YOUR TASK
Each line of data below must be printed exactly as written, with any pictures removed.

DATASET CONTENT
○ ○ ○ ○
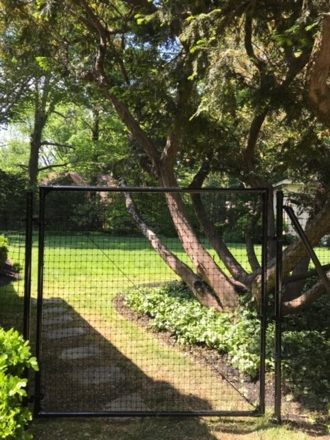 Amanda D in PA had a deer fence installed that consisted of two layers, a poly fence and a metal rodent barrier, using tension cable. Now her hostas and landscaping plants are protected.
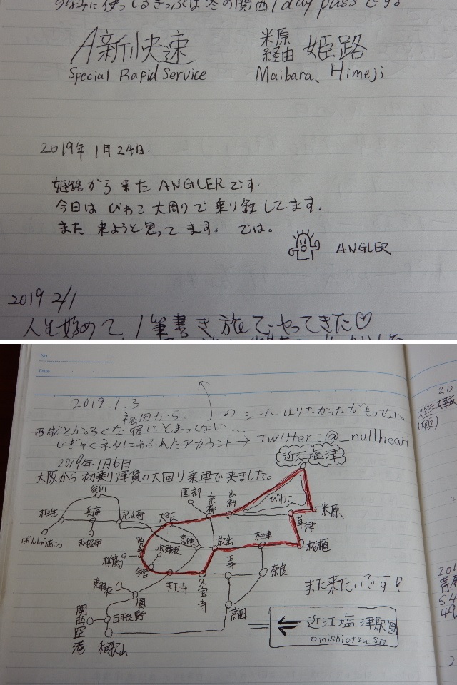 駅ノートに新しい作品は見られませんでしが、やはり大回り乗車に
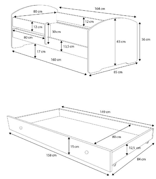 Jedes Kinderzimmer verdient ein Möbelstück, das Sicherheit, Komfort und Alltagstauglichkeit vereint. Genau das bietet dieses bezaubernde Bett mit zusätzlicher Liegefläche, das speziell auf die Bedürfnisse von Kindern und Eltern abgestimmt ist. Das durchdachte Design sorgt für erholsamen Schlaf und gleichzeitig für praktische Nutzung im Alltag. Mit den Maßen von 85x164x63 cm passt es auch perfekt in kleinere Räume – ideal für moderne Familien, die jeden Zentimeter optimal nutzen möchten.
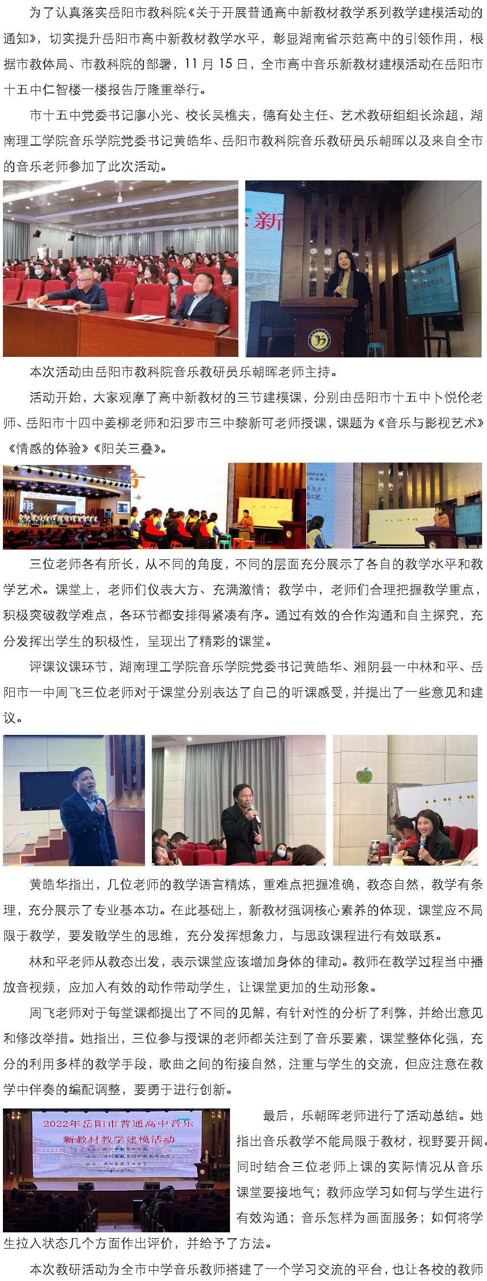 【高中音乐】关注核心素养 钻研课堂教学 ——2022年岳阳市普通高中音乐新教材教学建模活动
○ ○ ○ ○
YOUR RESPONSE
 Amanda D in PA had a deer fence installed that consisted of two layers, a poly fence and a metal rodent barrier, using tension cable. Now her hostas and landscaping plants are protected.
 駅ノートに新しい作品は見られませんでしが、やはり大回り乗車に
 Jedes Kinderzimmer verdient ein Möbelstück, das Sicherheit, Komfort und Alltagstauglichkeit vereint. Genau das bietet dieses bezaubernde Bett mit zusätzlicher Liegefläche, das speziell auf die Bedürfnisse von Kindern und Eltern abgestimmt ist. Das durchdachte Design sorgt für erholsamen Schlaf und gleichzeitig für praktische Nutzung im Alltag. Mit den Maßen von 85x164x63 cm passt es auch perfekt in kleinere Räume – ideal für moderne Familien, die jeden Zentimeter optimal nutzen möchten.
 【高中音乐】关注核心素养 钻研课堂教学 ——2022年岳阳市普通高中音乐新教材教学建模活动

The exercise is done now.